Die Gaswärmepumpe ist eine gute und ökonomische Unterstützung für die Beheizung sowohl von Einfamilienhäusern, wie auch von größeren Wohn- und Geschäftskomplexen. Die Gaswärmepumpe unterscheidet sich dabei von der normalen Wärmepumpe durch die verwendete Energie. Während eine normale Wärmepumpe nämlich durch Strom betrieben wird, wird die Gaswärmepumpe durch Erdgas betrieben. Dabei bezieht die Pumpe etwa 25% ihrer Energie aus der Umwelt, über Erdsonden oder Solarenergie. Das macht die Pumpe mit Gasbetrieb besonders günstig im Verbrauch und darüber hinaus extrem Umweltfreundlich.

Wie funktioniert die Gaswärmepumpe?

Die Pumpe funktioniert genau wie eine herkömmliche Wärmepumpe. Sie unterscheidet sich lediglich in der verwendeten Energiequelle. Darüber hinaus gibt es von dem Gasmodell drei verschiedene Ausführungen:

* Die Gasmotorwärmepumpe
* Die Absorptionswärmepumpe
* Die Zeolith Wärmepumpe

Jede mit ihren eigenen Funktionsprinzipien, womit sich jedes Modell für bestimmte Situationen besonders eignet. Im folgenden sollen diese Modelle kurz vorgestellt werden.

Die Gasmotorwärmempumpe

Die Gasmotor-Wärmepumpen arbeiten im Prinzip genau wie Elektrowärmepumpen, die über einen mechanischen Kompressor verfügen.
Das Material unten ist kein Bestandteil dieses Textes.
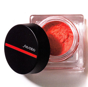 メイクの色を選ばないコーラルピンク。ドライで使うとふんわりと肌になじみ、付属のブラシに水を含ませて使うと、クリアで艶のある発色に。
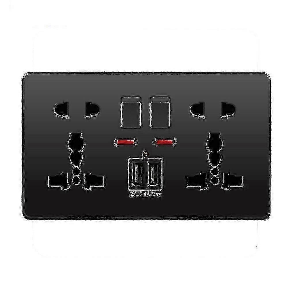 Multifunction 13a Wall Socket Push Button 2.1a Double Usb Charging Ports Three-holeo-hole Home Hr
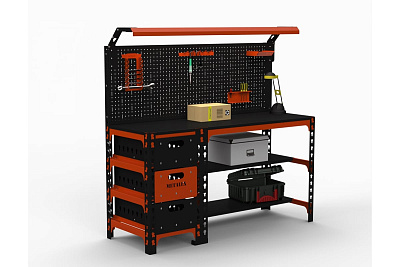 Металлический стол предназначен для удобной организации отдельного рабочего места на производствах, складах, гаражах, мастерских, и на других объектах. Модель оснащена светодиодным комплектом освещения. Конструкция имеет прочные опоры из углового профиля. Наличие трёх ящиков позволяет разместить необходимый рабочий материал под рукой и использовать их в рациональном хранении. Столешница выполнена из прочного листового металла и выдерживает значительные нагрузки. Стойки траверсы стола выполнены из стали толщиной 2мм, столешница и полки –толщиной 1. 5 мм. Не используются шарико-телескопические направляющие, ящики выдвигаются на основе металлических направляющих толщиной 2 мм, что позволяет увеличить нагрузку на ящики и их долговечность. По желанию ящики можно расположить с необходимой пользователю стороны. Имеется перфопанель для создания рабочей зоны и хранения различных инструментов. На панели легко разместить дополнительные аксессуары – ключи, лотки, держатели и так далее. Перфопанель имеет отверстия двух видов: первый под аксессуары производства Металекс; второй под стандартные аксессуары с круглым креплением. Шаг перфорации 25 мм. Отверстия диаметром 5 мм. Цвет: оранжево-чёрный.
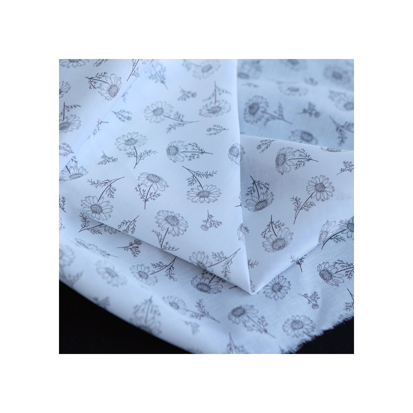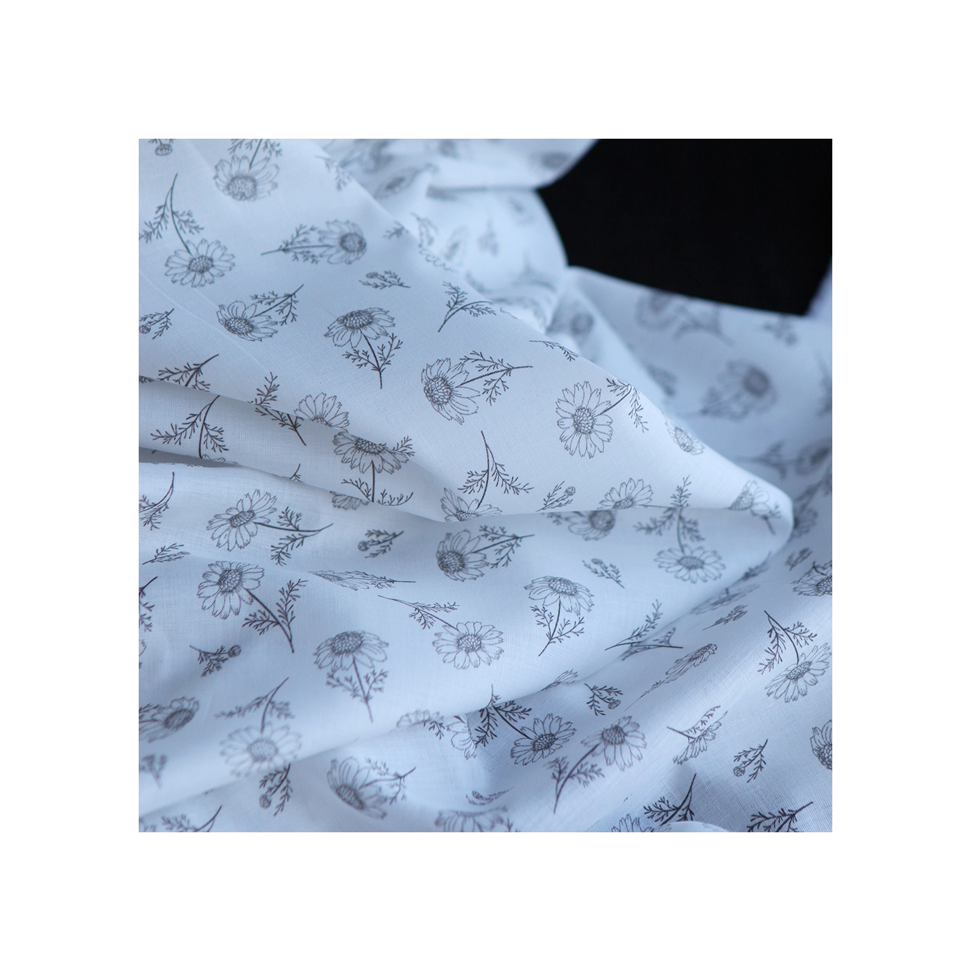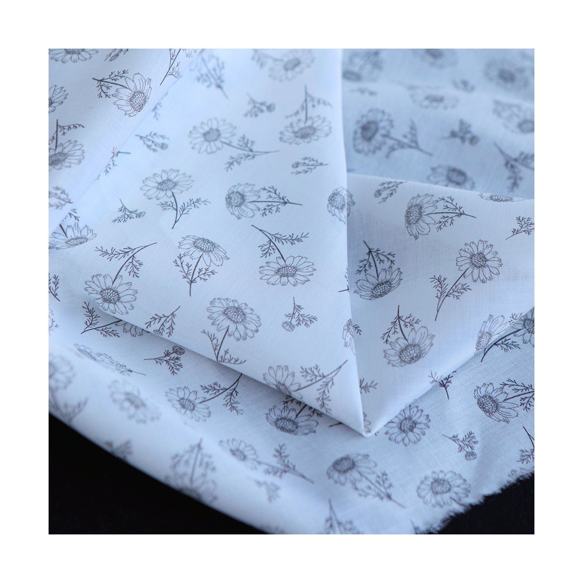 Maolia - Batiste de coton douce à imprimé camomille anthracite

Diese besonders einfache Version gibt es bereits seit den 90iger Jahren auf dem Markt und sie wird vor allem dort eingesetzt, wo hohe Leistungen notwendig sind, denn dieses Modell hat eine eine Gesamtleistung von bis zu 1200 kW. Daher werden Gasmotorwärmepumpen vor allem in mittleren bis großen Gebäuden und Betrieben eingesetzt. Der größte Vorteil dieser mit einem Motor betriebenen Gaswärmepumpe liegt in ihrer Fähigkeit sehr effizient sowohl heizen wie auch kühlen zu können. Darüber hinaus ist die Gasmotorwärmepumpe sehr wartungsfreundlich und extrem langlebig.

Die Absorptionswärmepumpe

Die Absorptionswärmepumpe ist eine Gaswärmepumpe, die problemlos im mittleren Leistungsbereich von etwa 20 bis 40 kW eingesetzt werden kann. Ihr Kompressor wird thermisch durch ein Ammoniak-Wasser-Gemisch verdichtet. Absorptionswärmepumpen werden vor allem in Neu- und Bestandsbauten, wie Einfamilienhäusern und Mehrfamilienhäusern eingesetzt und nutzen Wasser, Luft und Erde als ihre Hauptwärmequelle. Diese Ausführung der Gaswärmepumpe gibt es seit 2009 auf dem Markt und sie kann sowohl an Niedertemperatursysteme, wie zum Beispiel Fußbodenheizungen, als auch an traditionelle Heizkörper, die hohe Vorlauftemperaturen von bis zu 70?°C haben, angeschlossen werden.

Die Zeolith Wärmepumpe

Die Zeolith Wärmepumpe ist das dritte Modell der Gas Wärmepumpe und seit 2010 auf dem Markt. Sie arbeitet vor im unteren Leistungsbereich von 1,5 bis 10 kW und ihr Zeolith Modul erzeugt mit Hilfe eines Gasbrenners wartungsfrei Energie. Die Zeolith Wärmepumpe wir vor allem in Neu- und Bestandsbauten und überwiegend im Einfamilienhaus eingesetzt und nutzt als ihre Primärwärmequelle die Solarenergie. Ein weiteres Modell der Zeolith Wärmepumpe, die als Energiequelle Erde und Luft nutzt, ist Ende 2012 erschienen. Es wird ebenfalls im Bereich der Einfamilienhäuser eingesetzt.

Fazit

Eine Gaswärmepumpe ist eine gute und wirtschaftliche Alternative für die Heizung im Gebäude. Auch wenn der Einsatz oftmals in Neubauten erfolgt, kann die Pumpe auch problemlos in Bestandsbauten nachgerüstet werden. Welche Pumpe sich am Besten eignet und am Wirtschaftlichsten ist, darüber kann ein Fachmann ausführlich beraten, den man bei der Planung einer Umrüstung oder Ausrüstung auf/mit einer Gaswärmepumpe ohnehin konsultieren sollte.